---
license: cc-by-nc-4.0
tags:
  - mlx
  - audio-classification
  - language-identification
  - wav2vec2
  - apple-silicon
language:
  - multilingual
base_model: facebook/mms-lid-256
pipeline_tag: audio-classification
---

# MMS-LID-256 — MLX

Meta's MMS-LID-256 language identification model running on MLX (Apple Silicon Metal GPU).

Identifies **256 languages** from raw audio. Uses weights directly from [facebook/mms-lid-256](https://huggingface.co/facebook/mms-lid-256) — no conversion needed.

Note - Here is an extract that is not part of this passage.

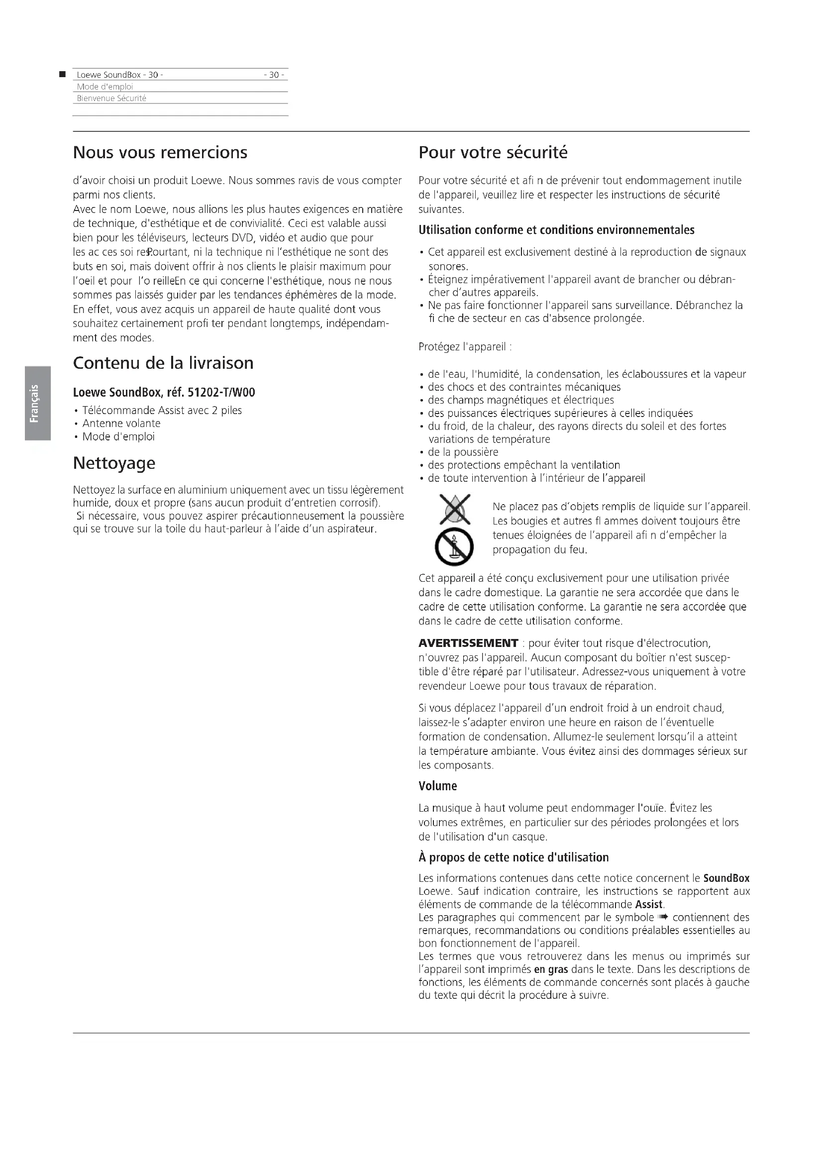 - 30 -Mode d'emploiBienvenue Sécurité Nous vous remercions d’avoir choisi un produit Loewe. Nous sommes ravis de vous compter parmi nos clients. Avec le nom Loewe, nous allions les plus hautes exigences en matière de technique, d'esthétique et de convivialité. Ceci est valable aussi bien pour les téléviseurs, lecteurs DVD, vidéo et audio que pour les ac ces soi res. Pourtant, ni la technique ni l‘esthétique ne sont des buts en soi, mais doivent offrir à nos clients le plaisir maximum pour l‘oeil et pour l‘o reille. En ce qui concerne l'esthétique, nous ne nous sommes pas laissés guider par les tendances éphémères de la mode. En effet, vous avez acquis un appareil de haute qualité dont vous souhaitez certainement proÆ ter pendant longtemps, indépendam- ment des modes. Contenu de la livraison Loewe SoundBox, réf. 51202-T/W00

## Performance (M1, 10s audio)

| Framework | Latency | Russian | English |
|---|---|---|---|
| **Python MLX** (with `mx.compile()`) | **267ms** | 98.8% | 99.8% |
| **Swift MLX** (with `compile()`) | **268ms** | 97.3% | 99.7% |
| CoreML GPU | 250ms | 89.1% | 99.8% |

## Usage

```bash
# Clone the benchmark repo
git clone https://github.com/beshkenadze/lid-bench
cd lid-bench/mlx

# Setup
uv venv && uv pip install mlx numpy soundfile safetensors huggingface_hub

# Download weights (from original facebook repo)
huggingface-cli download facebook/mms-lid-256 --include "model.safetensors" "config.json"

# Run
python mms_lid_256.py path/to/audio.wav --benchmark
```

Full implementation: [github.com/beshkenadze/lid-bench](https://github.com/beshkenadze/lid-bench)

## Model Details

- **Architecture**: Wav2Vec2ForSequenceClassification (48 transformer layers, 16 heads)
- **Input**: Raw 16kHz waveform (zero-mean unit-variance normalized)
- **Output**: 256 language probabilities
- **Parameters**: 315M
- **Weight format**: Original HF safetensors (no conversion needed)
- **Weight loading**: Conv1d axis swap + weight_norm precomputation done at load time

## Notes

- Weights are loaded directly from `facebook/mms-lid-256` HF cache — no separate conversion step
- This repo contains only the model card and MLX implementation reference
- **ANE causes 13x slowdown** — use Metal GPU (`.cpuAndGPU`) only
- Sustained inference on M1 degrades to ~400ms due to thermal throttling (48 transformer layers). M2+ should be better.